In progress at UNHQ

SG/SM/5867

SECRETARY-GENERAL'S STATEMENT AT UNVEILING OF PLAQUE MARKING FIFTIETH ANNIVERSARY OF FIRST GENERAL ASSEMBLY SESSION

10 January 1996


Press Release
SG/SM/5867


SECRETARY-GENERAL'S STATEMENT AT UNVEILING OF PLAQUE MARKING FIFTIETH ANNIVERSARY OF FIRST GENERAL ASSEMBLY SESSION

19960110 ADVANCE TEXT Following is the text of a statement to be delivered by Secretary- General Boutros Boutros-Ghali on the occasion of the unveiling of a plaque commemorating the fiftieth anniversary of the opening of the first session of the General Assembly of the United Nations, in Westminster, London:

On 10 January 1946 -- 50 years ago to the day -- the General Assembly of the United Nations met here for the first time. It was the first session of the first of the six principal organs of the United Nations. The work of the United Nations had begun.
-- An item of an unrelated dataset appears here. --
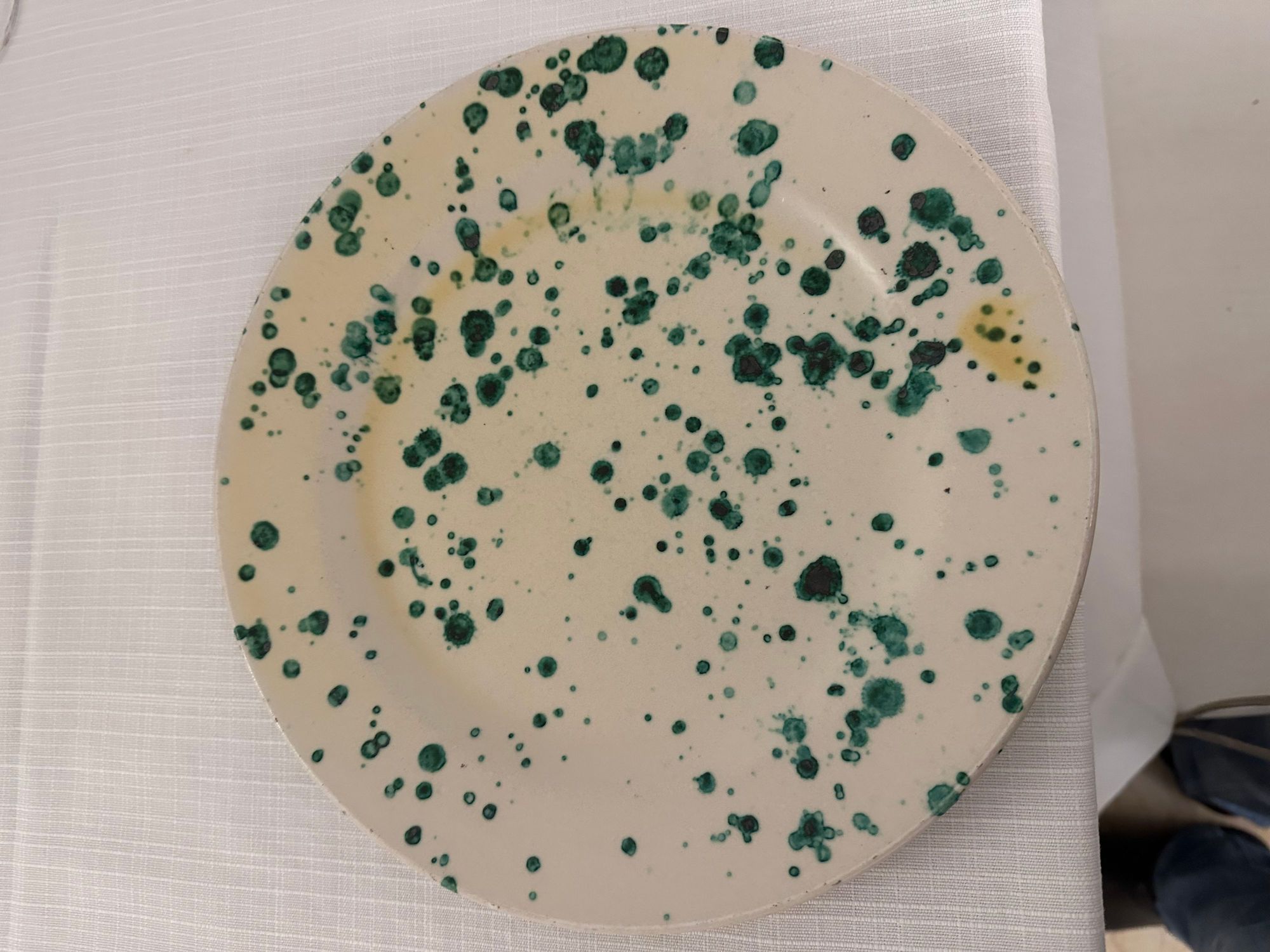 Dinner plates are splatterware from Grottaglie; that's not a stain.

Today, we honour the pioneering efforts of those who made history here on this day 50 years ago. We also celebrate a half-century of achievement. The United Nations has solved disputes, and helped to bring peace, development and democracy, in every continent. The United Nations oversaw, successfully and with relatively little bloodshed, the decolonization agenda. The protection of human rights has been immeasurably enhanced through the United Nations. The struggle against apartheid, the case for the Palestinians, and the debate about development, have been forcefully articulated, and accepted by the world, in the halls of the United Nations.

United Nations peace-keeping has had a distinguished record. Recent peace-keeping operations, in such countries as Cambodia, El Salvador, Mozambique and Angola, have successfully carried out multidimensional mandates.

The challenge today is to apply the will and determination of those early days, with imagination and flexibility, to the problems of the 1990s. This afternoon, we pay tribute to the political will, determination and idealism of the founders of our Organization. And we resolve to emulate them, and to re-kindle today the spirit of the Charter of the United Nations.

* *** *

For information media. Not an official record.